Data to examine below:

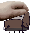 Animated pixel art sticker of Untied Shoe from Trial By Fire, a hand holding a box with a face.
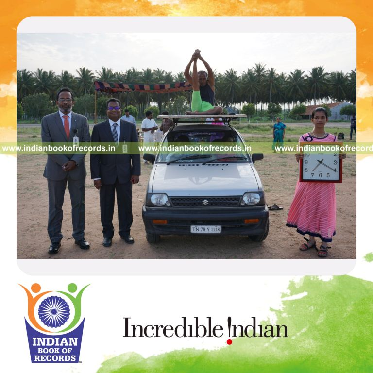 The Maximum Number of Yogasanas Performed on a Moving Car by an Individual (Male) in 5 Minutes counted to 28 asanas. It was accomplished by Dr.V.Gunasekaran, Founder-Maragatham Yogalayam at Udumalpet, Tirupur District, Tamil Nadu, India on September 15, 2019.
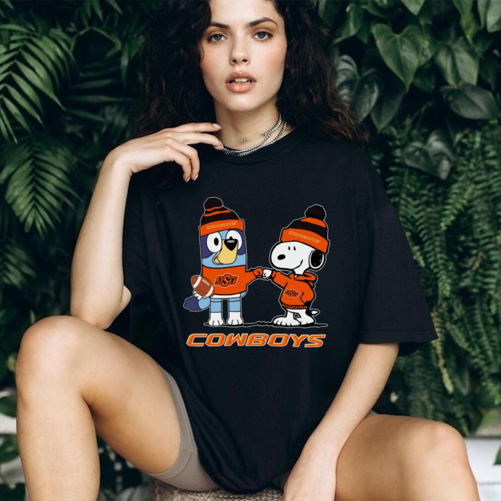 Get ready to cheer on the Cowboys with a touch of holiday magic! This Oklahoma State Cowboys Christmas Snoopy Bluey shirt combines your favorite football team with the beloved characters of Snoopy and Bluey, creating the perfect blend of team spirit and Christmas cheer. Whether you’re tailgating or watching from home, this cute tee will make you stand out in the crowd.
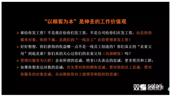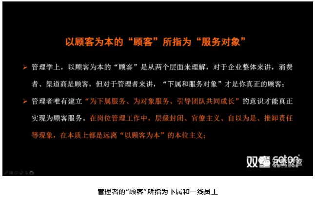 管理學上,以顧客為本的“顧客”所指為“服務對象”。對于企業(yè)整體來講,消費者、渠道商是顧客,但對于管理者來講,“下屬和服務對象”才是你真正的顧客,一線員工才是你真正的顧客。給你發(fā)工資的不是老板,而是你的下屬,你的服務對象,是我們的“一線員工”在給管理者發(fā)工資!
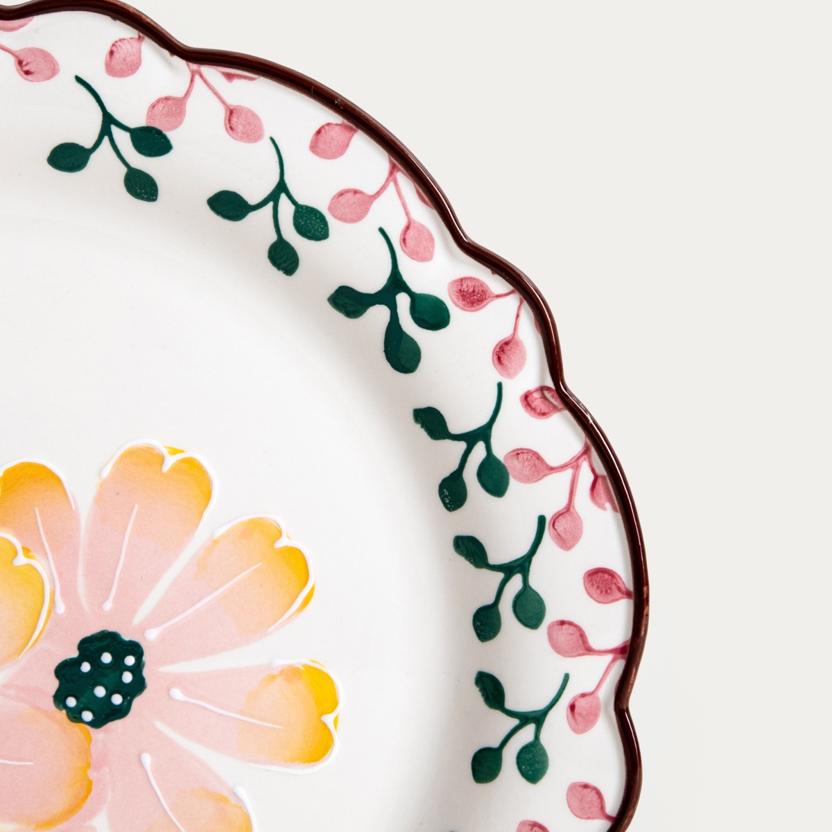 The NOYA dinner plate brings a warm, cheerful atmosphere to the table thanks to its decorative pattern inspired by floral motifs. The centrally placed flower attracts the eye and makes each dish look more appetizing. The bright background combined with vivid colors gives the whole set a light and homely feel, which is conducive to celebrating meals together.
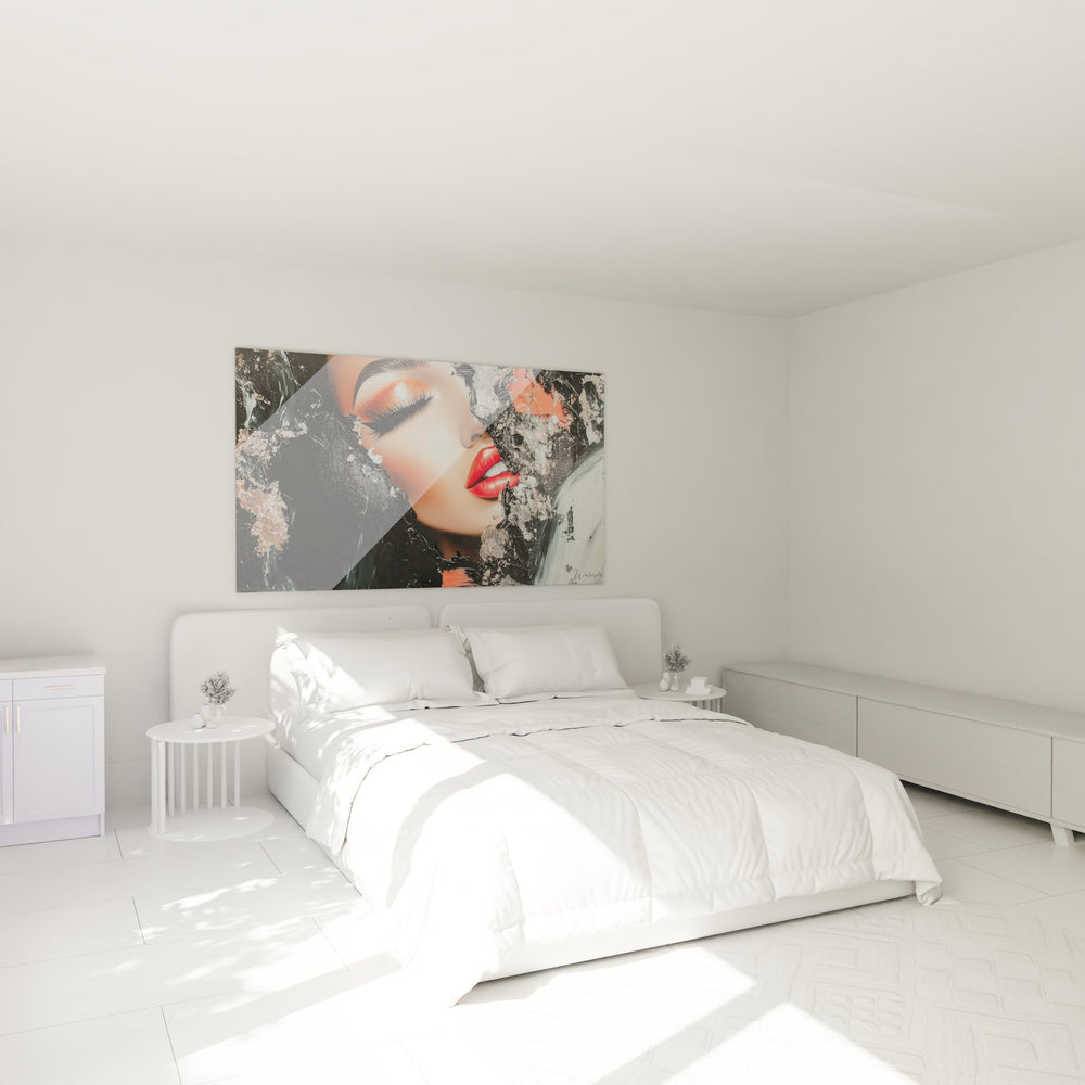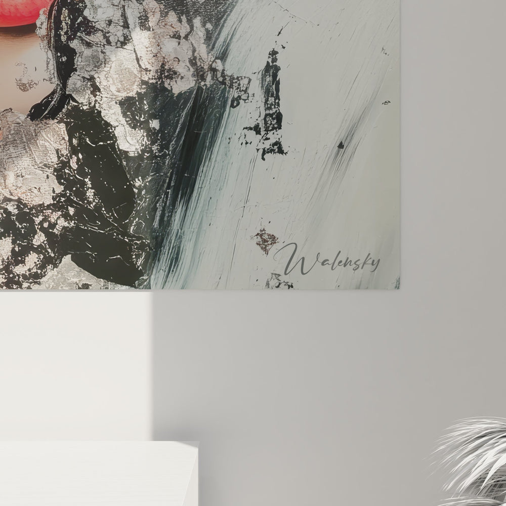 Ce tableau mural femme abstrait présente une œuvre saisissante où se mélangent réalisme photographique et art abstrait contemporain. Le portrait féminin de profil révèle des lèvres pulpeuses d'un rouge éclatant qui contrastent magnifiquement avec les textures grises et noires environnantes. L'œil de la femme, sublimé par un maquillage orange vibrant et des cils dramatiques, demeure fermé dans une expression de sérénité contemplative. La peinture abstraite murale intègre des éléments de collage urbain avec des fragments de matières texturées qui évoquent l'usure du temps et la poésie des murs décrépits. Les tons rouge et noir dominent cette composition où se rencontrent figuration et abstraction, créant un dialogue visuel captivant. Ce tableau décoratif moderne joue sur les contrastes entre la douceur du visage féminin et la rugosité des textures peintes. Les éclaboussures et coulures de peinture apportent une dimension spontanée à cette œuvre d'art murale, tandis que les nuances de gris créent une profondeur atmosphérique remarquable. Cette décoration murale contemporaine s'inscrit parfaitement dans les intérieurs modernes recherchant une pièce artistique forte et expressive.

End of Data to examine.
Data to examine below:

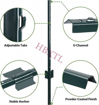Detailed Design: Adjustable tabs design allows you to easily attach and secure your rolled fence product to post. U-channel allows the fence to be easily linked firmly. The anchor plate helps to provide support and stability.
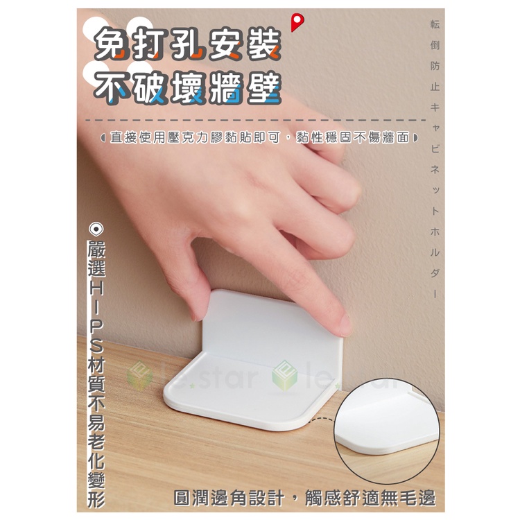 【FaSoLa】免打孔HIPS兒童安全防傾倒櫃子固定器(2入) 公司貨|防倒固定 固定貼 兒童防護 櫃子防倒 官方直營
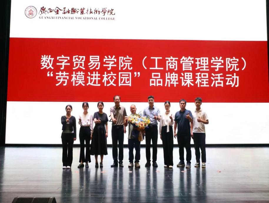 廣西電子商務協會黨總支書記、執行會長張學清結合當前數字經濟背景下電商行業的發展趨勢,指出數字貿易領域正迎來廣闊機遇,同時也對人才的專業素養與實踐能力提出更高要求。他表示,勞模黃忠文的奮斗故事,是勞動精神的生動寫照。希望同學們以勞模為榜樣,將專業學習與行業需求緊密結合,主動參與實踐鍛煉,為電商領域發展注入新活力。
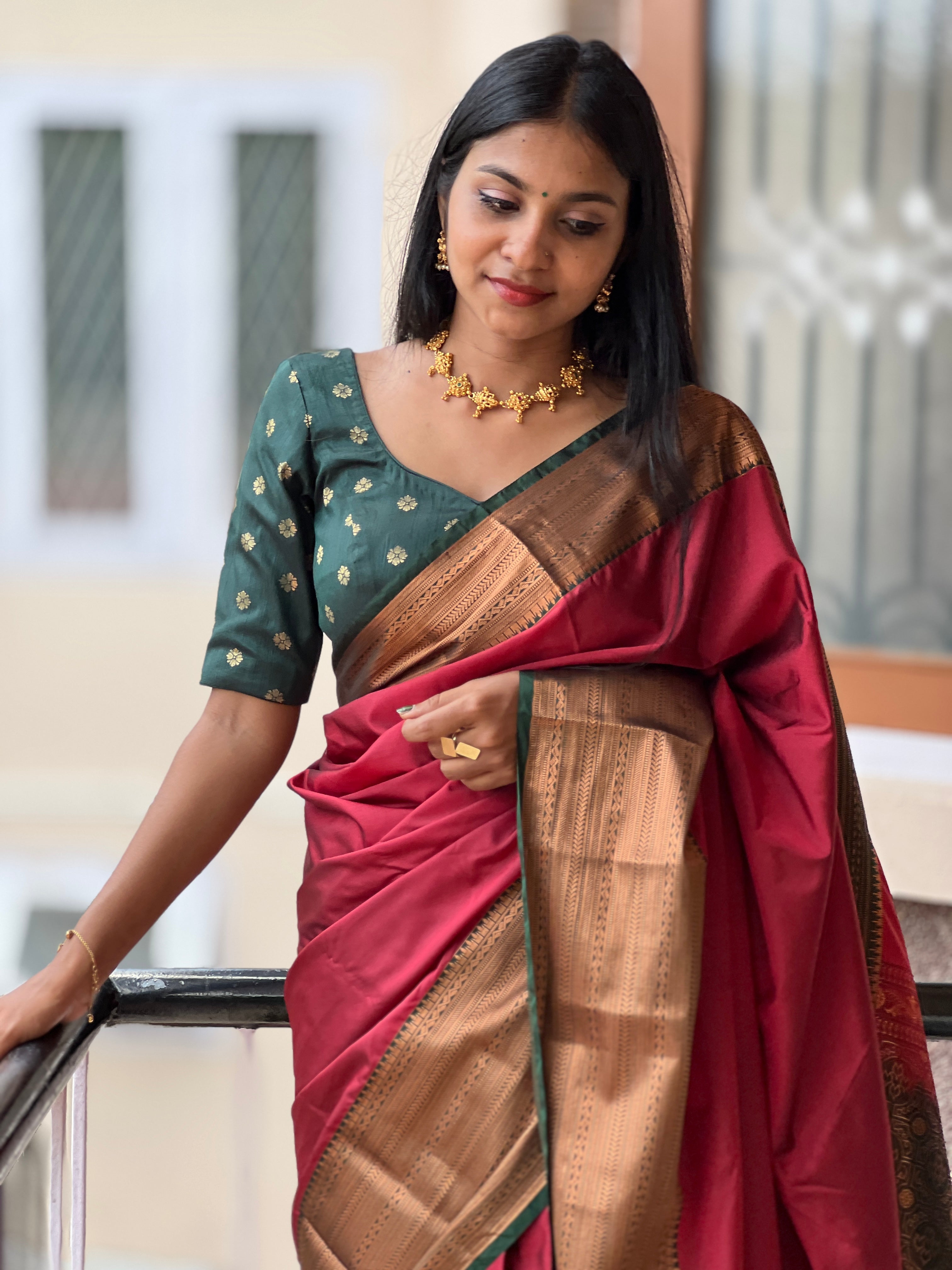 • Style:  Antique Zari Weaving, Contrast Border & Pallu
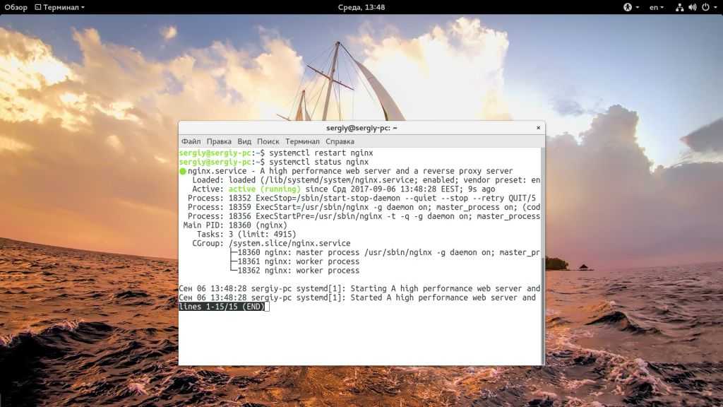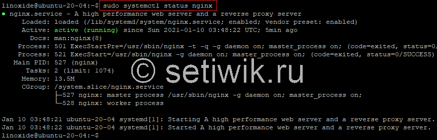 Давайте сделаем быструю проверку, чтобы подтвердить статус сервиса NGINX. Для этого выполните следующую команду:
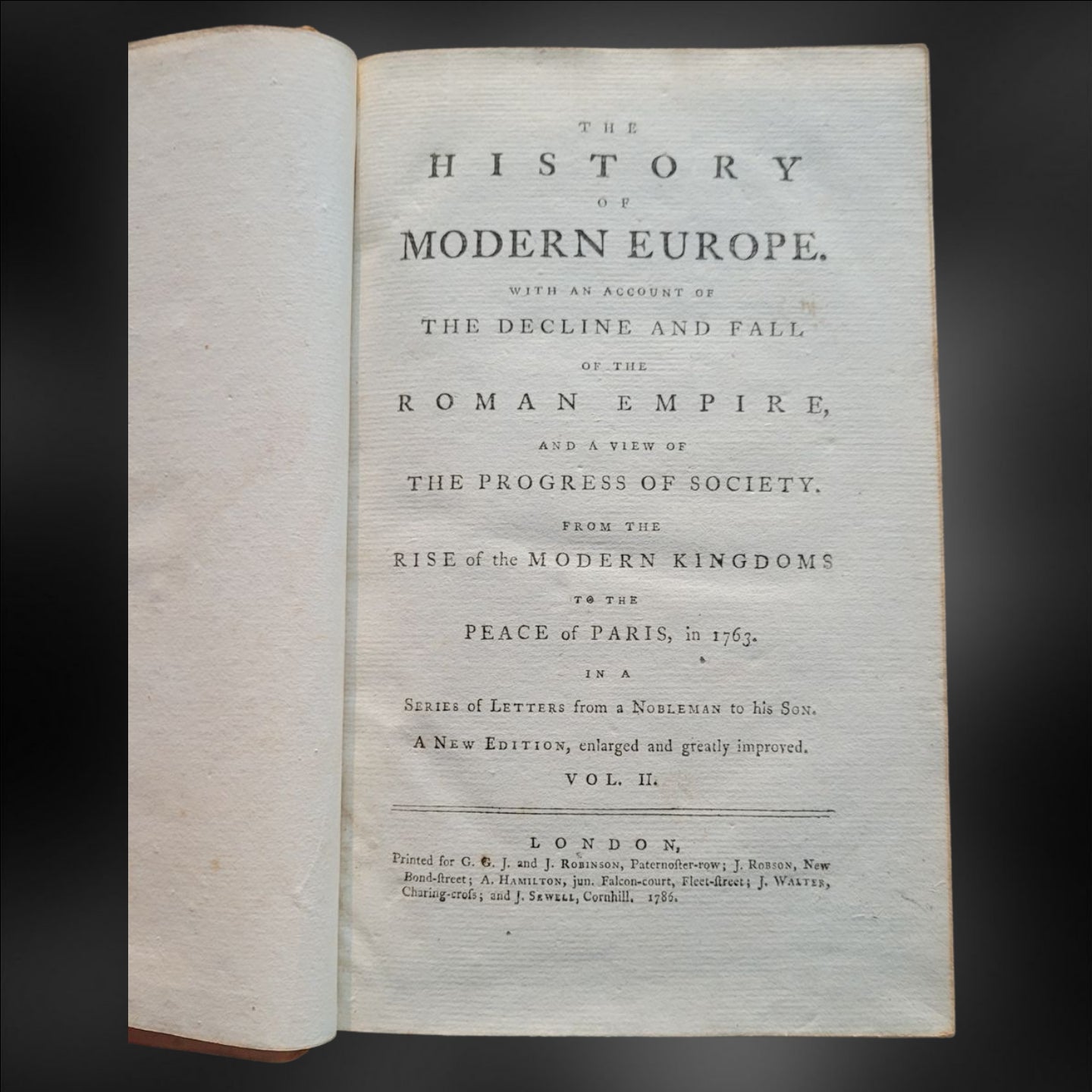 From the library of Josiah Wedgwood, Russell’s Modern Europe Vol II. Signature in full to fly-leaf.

End of Data to examine.

## Task to carry out
Above are records; repeat only the lines from the line with "Animated pixel art" through the line with "The Maximum Number", and leave pictures out.

## Result below
 Animated pixel art sticker of Untied Shoe from Trial By Fire, a hand holding a box with a face.
 The Maximum Number of Yogasanas Performed on a Moving Car by an Individual (Male) in 5 Minutes counted to 28 asanas. It was accomplished by Dr.V.Gunasekaran, Founder-Maragatham Yogalayam at Udumalpet, Tirupur District, Tamil Nadu, India on September 15, 2019.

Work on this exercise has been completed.